Monthly Archives: August 2020

Supreme Court: Internal Affairs Records Are Confidential

The Supreme Court has settled the longstanding question of whether police internal affairs records are accessible under OPRA. In ruling on the validity of a Newark ordinance that created a civilian board to investigate citizens’ complaints of police misconduct, the Supreme Court emphasized that all records of such investigations are confidential. FOP v. City of Newark.

The Court based this conclusion on the Attorney General’s internal affairs policy. The Court held that this policy, which includes strict confidentiality mandates for all information concerning police misconduct investigations, must be followed. This determination is consistent with the Court’s prior case law in OPRA matters, which states that Attorney General law enforcement policies constitute binding legal requirements that establish exemptions under OPRA.
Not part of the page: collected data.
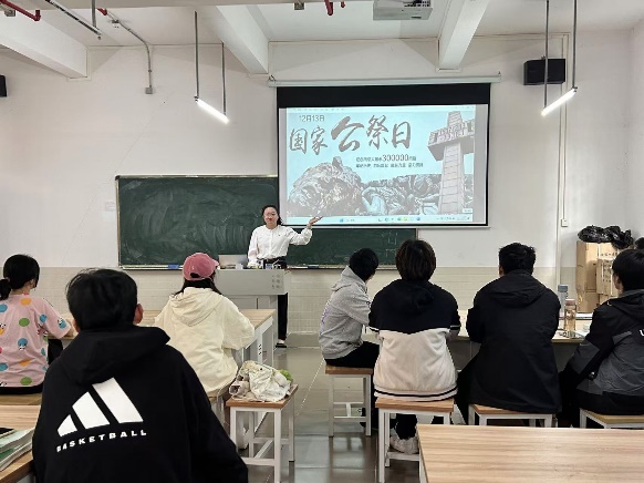 國行公祭,法立典章。鑄茲寶鼎,祀我國殤。教師黨支部書記劉昊茹給24級地礦專業(yè)學(xué)生講述抗日戰(zhàn)爭時期的英雄事跡、南京大屠殺的悲慘史實,以及新中國成立以來取得的輝煌成就,讓在場的每一位同學(xué)都深受觸動。教師黨支部組織統(tǒng)戰(zhàn)委員、輔導(dǎo)員楊嘉樺給23級建工專業(yè)學(xué)生召開主題班會,他表示,中國人只有發(fā)光發(fā)熱,砥礪前行努力振奮中華,民族復(fù)興才能守護那些“不能忘卻的記憶”,愿以吾輩之青春,捍衛(wèi)盛世之中華!羅遠明、馬芳、楊艷、鄭建勛、邵婷、陳思瑜、劉鋮聰?shù)冉處煟谜n堂三分鐘肅立默哀,緬懷革命先烈,悼念南京大屠殺中的無辜死難者以及為中國人民抗日戰(zhàn)爭勝利獻出生命的英雄。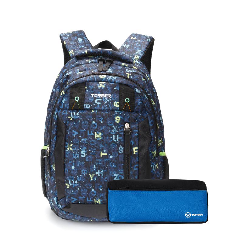 Рюкзак TORBER CLASS X, темно-синий с рисунком "Буквы", полиэстер, 45 x 32 x 16 см + Пенал в подарок!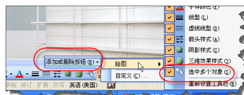 5.在“绘图”工具栏中的“添加或删除按钮”中选择“选中多个对象”。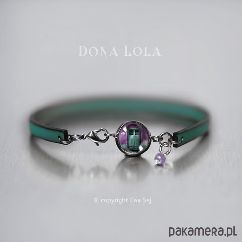 Oryginalna delikatna, kobieca bransoletka z kolekcji Dona Lola. Grafika została ukryta pod 10 mm wypukłym szkiełkiem. Pasek w kolorze morskiej zieleni ma szerokość 5 mm, dodatki w kolorze ciemnego srebra. Idealna na nadgarstek 16 -17 cm. Wolny od niklu i ołowiu - antyalergiczny. copyright Ewa Saj. All Rights Reserved.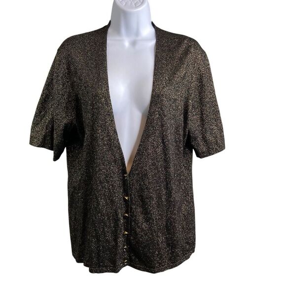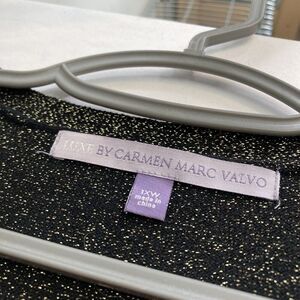 Carmen Marc Valvo Black Sparkly Button Up Knit Shirt Size 1X Special Occasion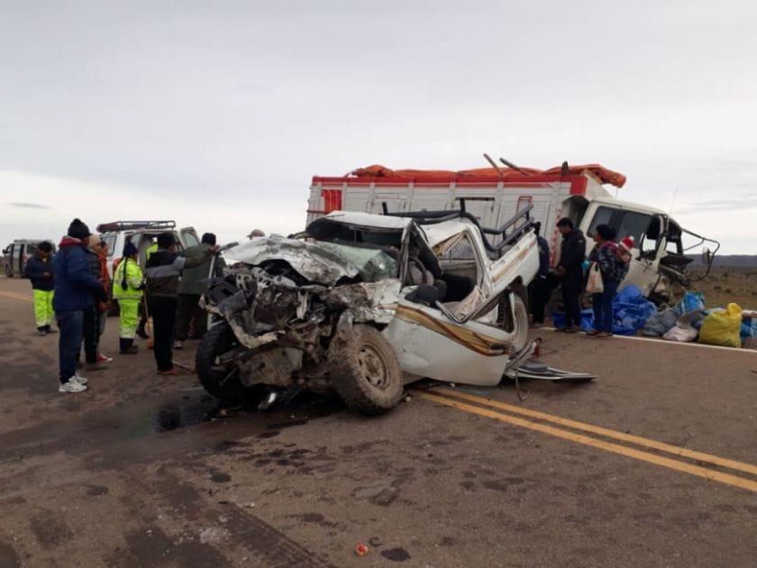Cuatro personas fallecieron este martes al chocar frontalmente una camioneta y un camión en la carretera Camargo-Potosí, según un reporte de la Policía. El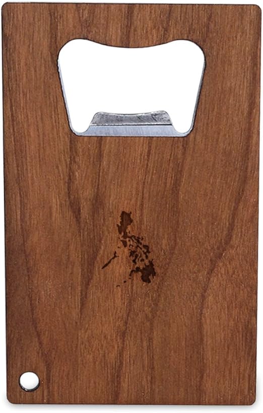 Amazon Com Wooden Accessories Company Credit Card Sized Bottle Opener With Laser Engraved Philippines Design Stainless Steel Bottle Opener With Wooden Front Panel Slim And Wallet Size Kitchen Dining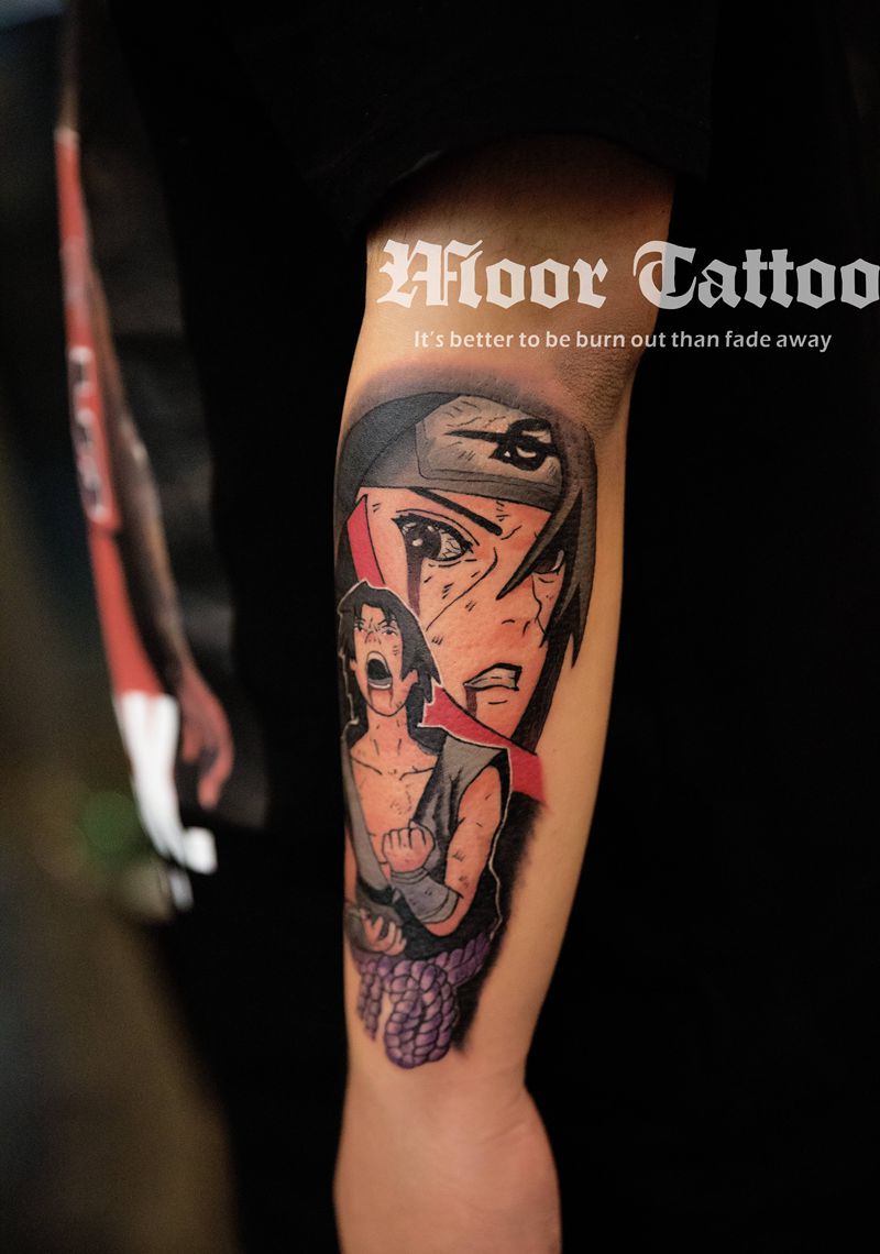 当前位置: 首页 >山东省青岛市纹身店-荒野刺青纹身图案>宇智波鼬纹身图片_手臂肩部New School欧美写实纹身图案

Interestingly, the Court noted its awareness that the Attorney General has recently changed the internal affairs policy to allow public disclosure of the identities of some disciplined officers, but said it was not addressing this or expressing a view regarding the revised policy. I presume the Court made this statement because it is mindful that it will soon be reviewing the unions’ challenge to this new policy, which is currently before the Appellate Division.

An Interesting Appellate Opinion on OPRA Attorney Fee Awards

The Appellate Division recently issued an opinion concerning an OPRA attorney fee award. Mills v. State of New Jersey. This unpublished opinion, while not precedential, is interesting for two reasons.

First, the court substantially reduced the requested fee award due to the plaintiff’s limited success in his OPRA suit. The requestor sought hundreds of documents, plus other records, but only obtained a single, 2-page document. According to the court, such minimal “qualitative” success, in an OPRA case that did not involve complex issues, justified reducing requestor’s attorney fee award by over 80%, to only $2376.

Second, and perhaps of more importance, the court rejected the requestor’s claim that he was entitled to fees for successfully obtaining some additional documents under the common law. As I’ve previously noted (see this post), litigants often point to language in the Supreme Court’s opinion in Mason v. Hoboken as requiring attorney fee awards in common law request cases, and some judges have made such awards. But the Appellate Division here correctly rejected the argument that Mason created a right to a mandatory attorney fee award when records are obtained through common law litigation.